PDF format has evolved from a pure page-layout format to a sophisticated one that can store structural information about the underlying document. On the other hand, virtual printing is still a source for great many PDF files, especially in publishing industry and office document exchange. Virtual printers do not preserve any semantic information, and task of reconstruction of the semantic structure of such documents.

Our team is developing several tools for addressing this problem. All of them are based on the knowledge acquiring technique developed by Y.Khramov. The semantic reconstruction based on publication-specific profiles is used for documents with extremely complex and diverse layout, such as newspapers and magazines, and is the part of the Smart Translator project, under development by NewspaperDirect with SchemaSoft’s participation. The main principles of this approach were discussed in our presentation at XML 2001 http://www.idealliance.org/papers/xml2001/papers/html/04-04-06.html. In parallel with this work, SchemaSoft is developing PDF converter to MS Word based on the same approach, but without publication-specific profiles.

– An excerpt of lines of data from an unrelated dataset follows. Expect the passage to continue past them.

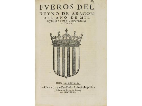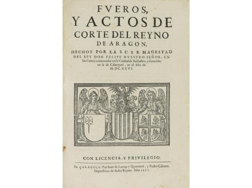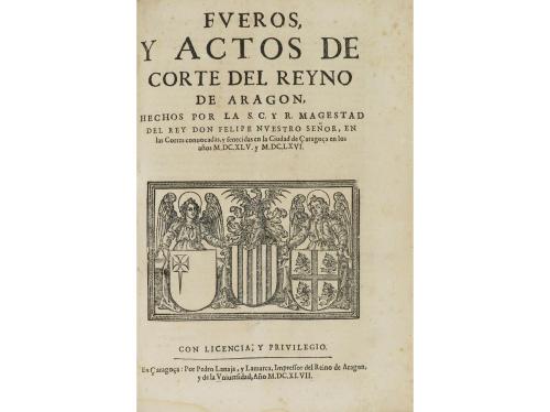 1624. LIBRO. (DERECHO- ARAGÓN). FUEROS Y OBSERVANCIAS DEL REYNO DE ARAGON. Çaragoça: Pedro Cabarte, 1624. Folio. Frontis grabado por Iosephus Vallés + 26 h. + 188 fol. Pequeña falta en la esquina inferior derecha del frontis. Palau 95571. [Sigue:] FUEROS DEL REYNO... MIL QUINIENTOS CINCUENTA Y TRES. Id. de fol. 189 a 216. [Sigue:] ID... MIL QUINIENTOS Y OCHENTA Y CINCO... Id. de fol. 217 a 242. [sigue:] FUEROS... CIUDAD DE BARBASTRO, Y FENECIDAS EN LA DE CALATAYUD, EN EL AÑO M.DCXXVI. Id. Çaragoça: Iuan de Lanaja y Quartanet y Pedro Cabarte, 1627. 4 h. + 68 p. [Sigue:] FUEROS... ÇARAGOÇA... M.DCXLV Y MDCXLVI. Id., 1647. 3 h. + 28 p. Palau 95574. [Sigue:] OBSERVANTIAS CONSUETUDINES QUE REGNI ARAGONUM IN USU COMMUNITER HABITAS. Id.: Pedro Cabarte, 1624. 2 h. + 50 fol. + 53 fol. + 1 h. Colección de fueros aragoneses de la primera mitad del s. XVII, impresos sobre buen papel de época. Texto a dos columnas, con apostillas marginales. Capitales y escudos xilográficos en las portadas y a modo de cule-de-lampe. Enc. en un vol. en pergamino de época, restos de cierres de badana, cortes dorados y cincelados de antiguo.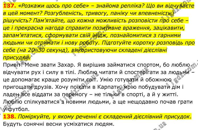 137. «Розкажи щось про себе» – знайома репліка? Що ви відчуваєте в цей момент? Розгубленість, тривогу, паніку чи впевненість і рішучість? Пам’ятайте, що кожна можливість розповісти про себе – це і прекрасна нагода справити позитивне враження, зацікавити, запам’ятатися, сформувати свій імідж, познайомитися з гарними людьми чи отримати і нову роботу. Підготуйте коротку розповідь про себе (на 20–30 секунд), використовуючи складені дієслівні присудки. Привіт! Мене звати Захар. Я вирішив займатися спортом, бо люблю відчувати рух і силу в тілі. Люблю читати й спостерігати за людьми – це допомагає краще розуміти світ. Умію готувати й обожнюю пригощати друзів. Хочу поїхати в Карпати, мрію побудувати дім і ладен все віддати за перемогу – не тільки в спорті, а й у житті. Люблю спілкуватися з новими людьми, а ще нещодавно почав грати у футбол. 138. Поміркуйте, у якому реченні є складений дієслівний присудок. Будуть сонячні весни усміхатися людям.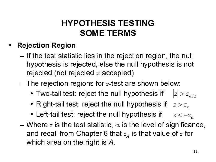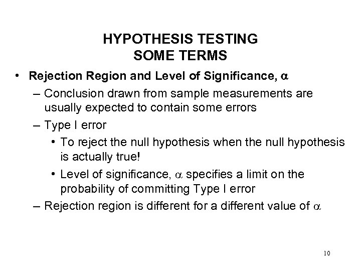 HYPOTHESIS TESTING SOME TERMS • Rejection Region and Level of Significance, – Conclusion drawn from sample measurements are usually expected to contain some errors – Type I error • To reject the null hypothesis when the null hypothesis is actually true! • Level of significance, specifies a limit on the probability of committing Type I error – Rejection region is different for a different value of 10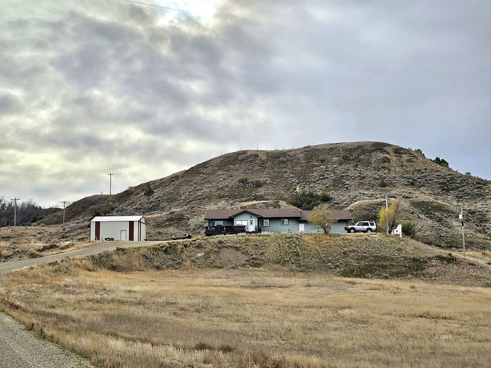 Country living just minutes from town on 9.7 Acres!: This stunning 3-bedroom, 2-bath home sits on 9.70 acres atop a hillside with breathtaking views of the Badlands of Eastern Montana. The main level features LVP flooring throughout and a brand-new kitchen with quartz countertops, stainless steel appliances, tile backsplash, and updated fixtures. Enjoy the open dining area, spacious family room with tongue-and-groove walls, and a remodeled full bathroom with new vanity, flooring, toilet, & fixtures. An enclosed porch and main-floor laundry add convenience. The basement offers a family room, storage area, two non-conforming bedrooms (one with sink, used as a reloading room), and an updated 3/4 bath with new vanity, toilet & fixtures. The boiler was replaced in 2023. The attached double stall garage is heated with newer overhead doors, and the 720 sq ft shop is spray-foamed, heated, has cement floors, and updated 220V power. Lift station and septic tank have also been updated. Enjoy peaceful country living with panoramic views, space for animals or hobbies, and the perfect blend of privacy and proximity to town.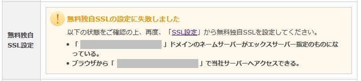 エックスサーバーで独自ドメインを追加すると、「無料独自SSL設定に失敗しました」というエラーが出てくる事があります。
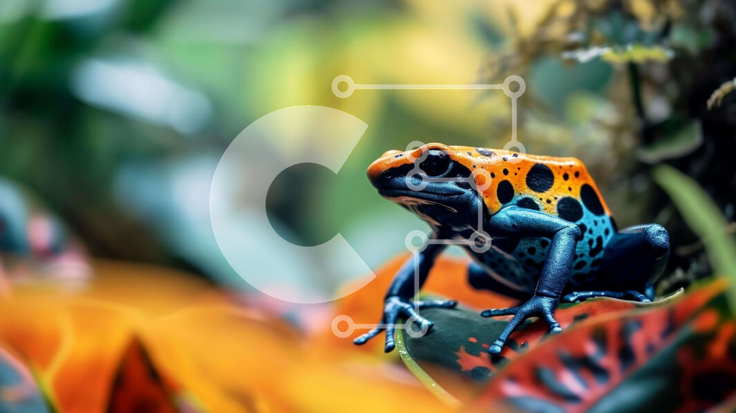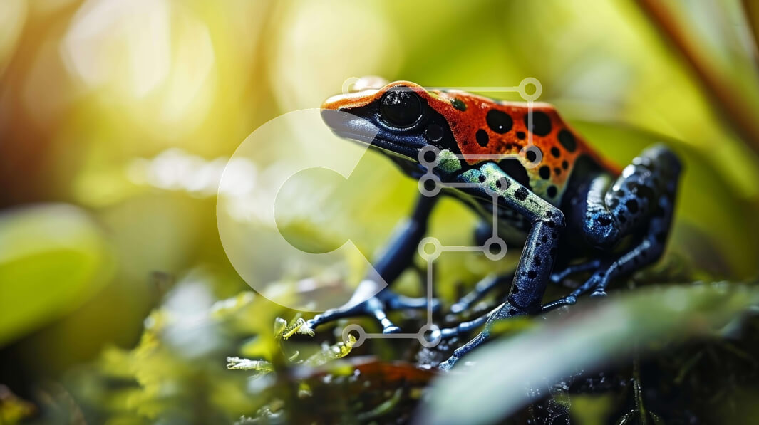 Intra Συλλεκτικό Ξύλινο Παζλ Plywood 4mm - Πολύχρωμος βάτραχος σε ποώδη πράσινο φόντο στο τροπικό δάσος του Αμαζονίου Σε Ξύλινο Κουτί - Διαστάσεις: 10x10 cm – 25 κομμάτια

The implementation of the ideas described in the previous paper, required the development of several original algorithms, such as A.Gurcan’s zone reconstruction algorithms, intricate text block construction mechanism, etc. The paper concentrates on the additions and details that we have developed since 2001.

2. Reconstruction Process Overview

In the present form, the PDF Semantic Extractor is implemented as a plug-in to Adobe Acrobat [2] [3]. The process starts when the document (PDF representation of a newspaper or a magazine) is loaded into Acrobat. Simultaneously, the plugin retrieves the profile for the publication from the profile database. This profile (stored as an XML document) customizes reconstruction process based on the knowledge about the selected type of publication. The plugin also contains a UI, developed by NewspaperDirect team that helps to set up the profile for a new type of publication very quickly.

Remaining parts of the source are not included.